You Get What You Need
What will the future of health care in Western New York look like?
In the following four stories, an interwoven cast of patients and health care providers - Barry Glover, Miranda Trimble, Don Castle, Laura Castle Clark, Felicia Johnson, Tony Tomasello and Anita Wallace - interact with each other on a single day in 2018, Friday, June 22, to be exact. The date is the same in each story but each Friday has been reached along a different path, with distinctly different outcomes for all involved.
The recession of 2009 made cutting health care costs a priority for the 2010 Congress:
- In WNY, health facilities and providers merged to form more efficient delivery systems.
- Now medicine focused on prevention and education, with classes on nutrition, exercise, smoking, and substance abuse.
- Most people took part, though sign-up rates were lower for the mentally ill, the poor, and those mistrustful of government "systems." Therefore, many families remained vulnerable.
Positioned on his back, wearing a crisp paper gown, Don Castle kept his eyes on the flat panel monitor beside his gurney.
He asked himself once again why he couldn't have waited a year or two for this procedure. "Even if your father hadn't died of colon cancer," Dr. Tony Tomasello had said during his first office visit, "this could save your life. The more colon screening I do, the less surgery I have to do."
Castle had read the magazine articles, had been happy to get a break on his insurance premium for being part of his employer's physical fitness program. And he had tried to eat a balanced diet-but the pizza in Buffalo was just so good.
"This is so much less invasive than the old way," the doctor said, moving the imaging wand over Castle's abdomen. "By the way, how's your daughter?"
"Still pregnant," Castle said. "She's got diabetes and already had one miscarriage. But this time she's getting really good prenatal care and she monitors her blood sugar seven or eight times a day. She has an appointment for a Caesarean next week."
"Where's it being done?"
"At the hospital right across the street from here. Laura and Mike live down in Holland," Castle explained. "But she used the internet to find the best doctors for high risk pregnancies, and they're here in Buffalo. Thirty plus miles is a long haul when you have her problems, so they decided to schedule her delivery."
"See these small pockets right here?" the doctor said. "Diverticulosis."
Castle swallowed. "Is it serious?"
"It's a normal part of aging. Just stick to a balanced diet with fruits and vegetables and drink lots of fluids."
"Getting old is no fun," Castle said.
Dr. Tomasello laughed. "You sound like my mother, or how she did before her mild dementia set in." He sighed. "She was okay at home with us until she fell. Now she has to go into a nursing home. At her age, with her confusion, nobody will approve a hip replacement or rehabilitation."
Castle said, "They straightened out Medicare and Medicaid, according to my wife."
"She's right. More preventive screening, more flu vaccines, stable funding agreements between federal and state governments." Dr. Tomasello shifted the wand again. "Almost done...So what is it your wife does, Mr. Castle?"
"She's the financial officer at Autumn Valley Nursing Home."
"Really? That's on our list of homes to visit."
"A nice place," Castle said. "They take good care of their residents."
"Glad to hear it." Dr. Tomasello patted his arm. "You'll be happy to know you're clean and healthy, not a polyp in sight. You can wait another four years before your next procedure. Because of your father, I recommend a screening for any siblings you might have."

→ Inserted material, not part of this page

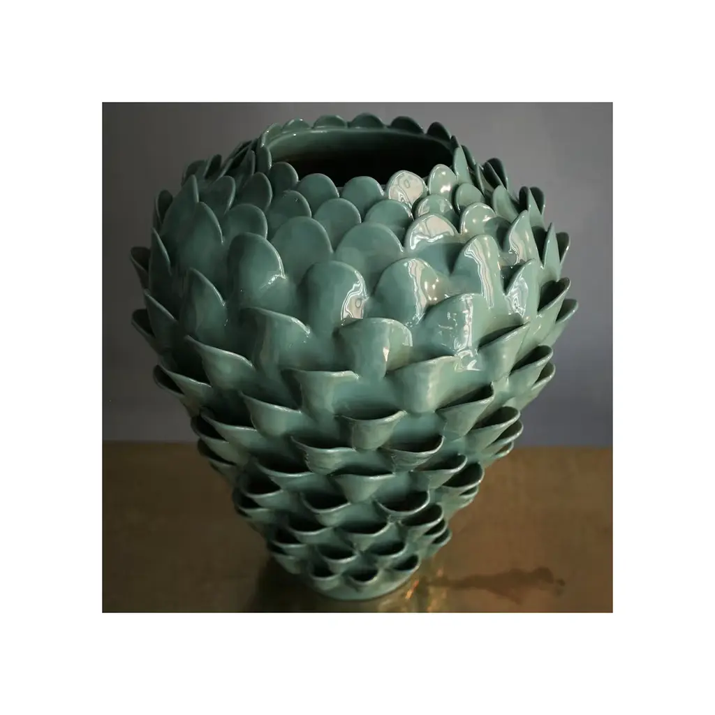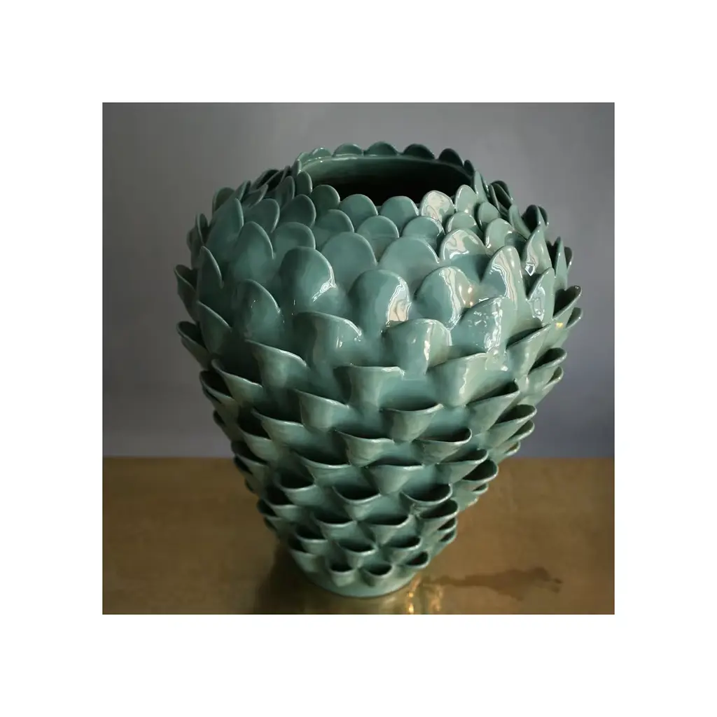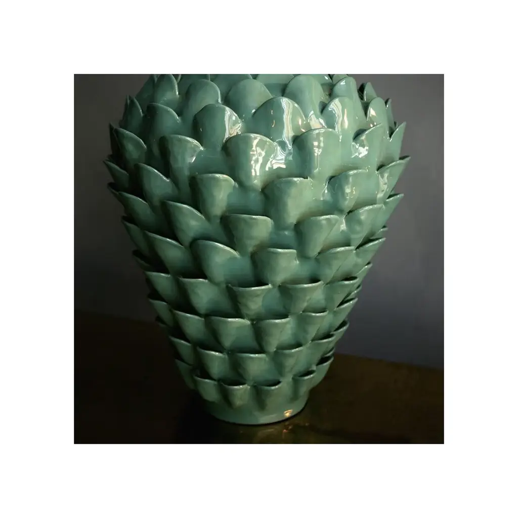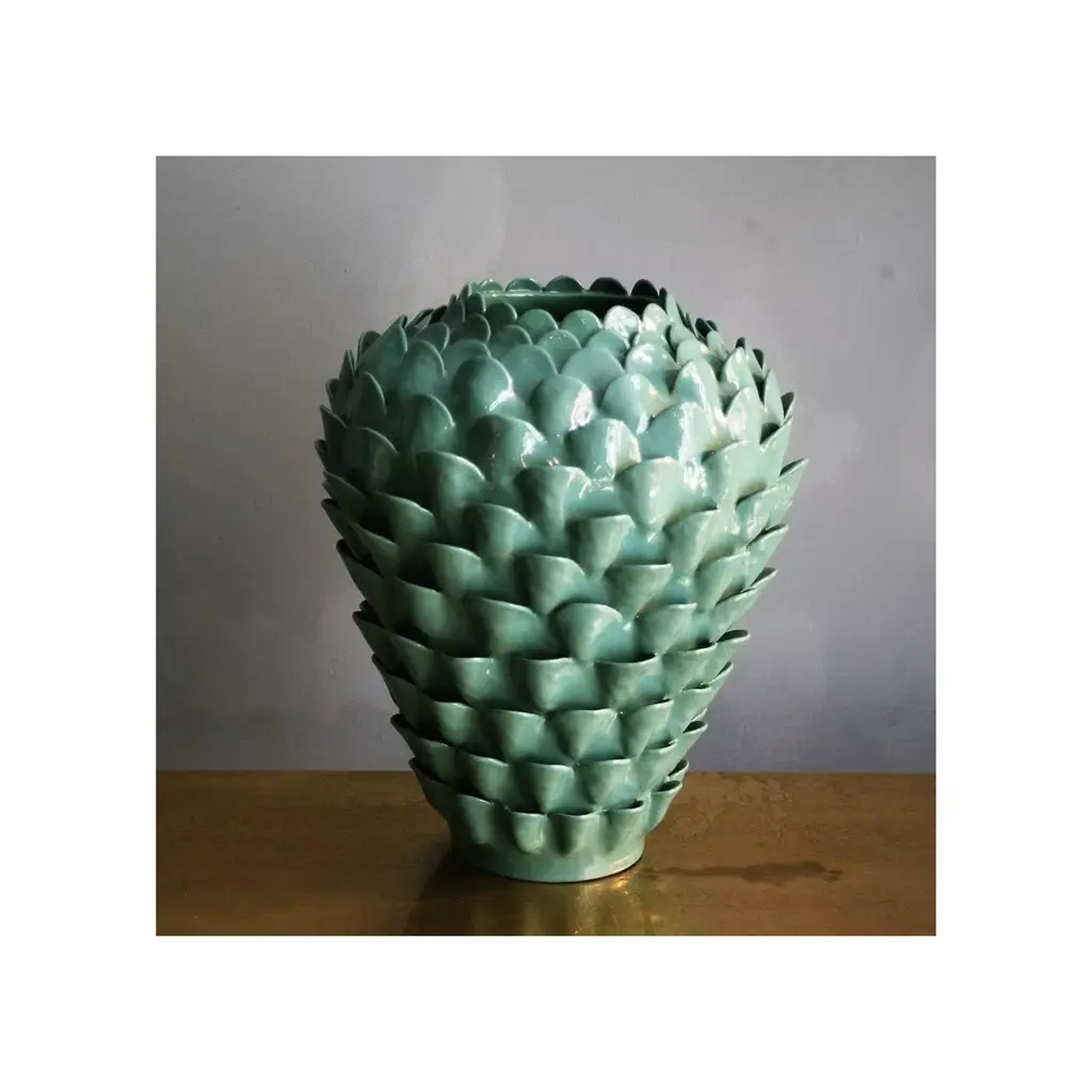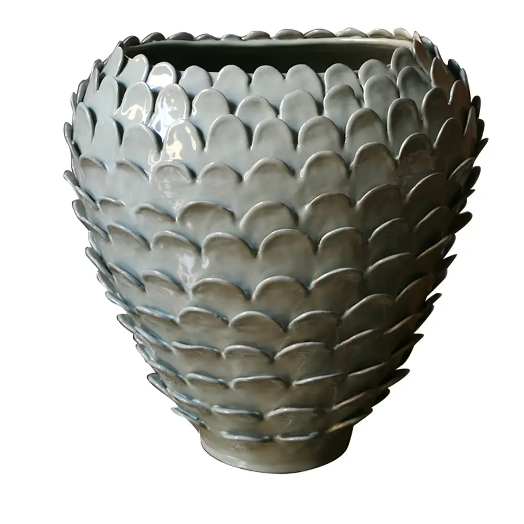 The bright turquoise glaze of this striking terracotta vase brings the large, raised fish scale pattern into focus. Part of the Artemisia collection, this piece is entirely handmade using the ancient colombino technique. Each piece is signed and numbered. Variations in size, shape, and finish are not considered imperfections but rather the mark of a unique handcrafted piece.

"My brother didn't sign up for this coverage," Castle said. "He's one of those guys who never trust the government. Now, thanks to his wife's lung cancer, he may lose his house."
"The system's not perfect," the doctor said, "but it beats losing everything." He was quiet a moment, then said, "Hey, my nurse and I have a little bet about your lunch plans..."
"I treat myself to steak once a month," Castle said. "Today's the day."
Twenty minutes later, as Castle was leaving the doctor's office, his cell phone buzzed on his hip.
"Don," his wife said when he answered, "Laura's water broke. She's on her way to the hospital out there."
"Call her doctor here," Castle said. "Maybe he can get online for a virtual surgery link. Then go outside and wait. I'm on my way."
As he closed his phone, the steak he had dreamt of for a week began to recede from his mind's eye.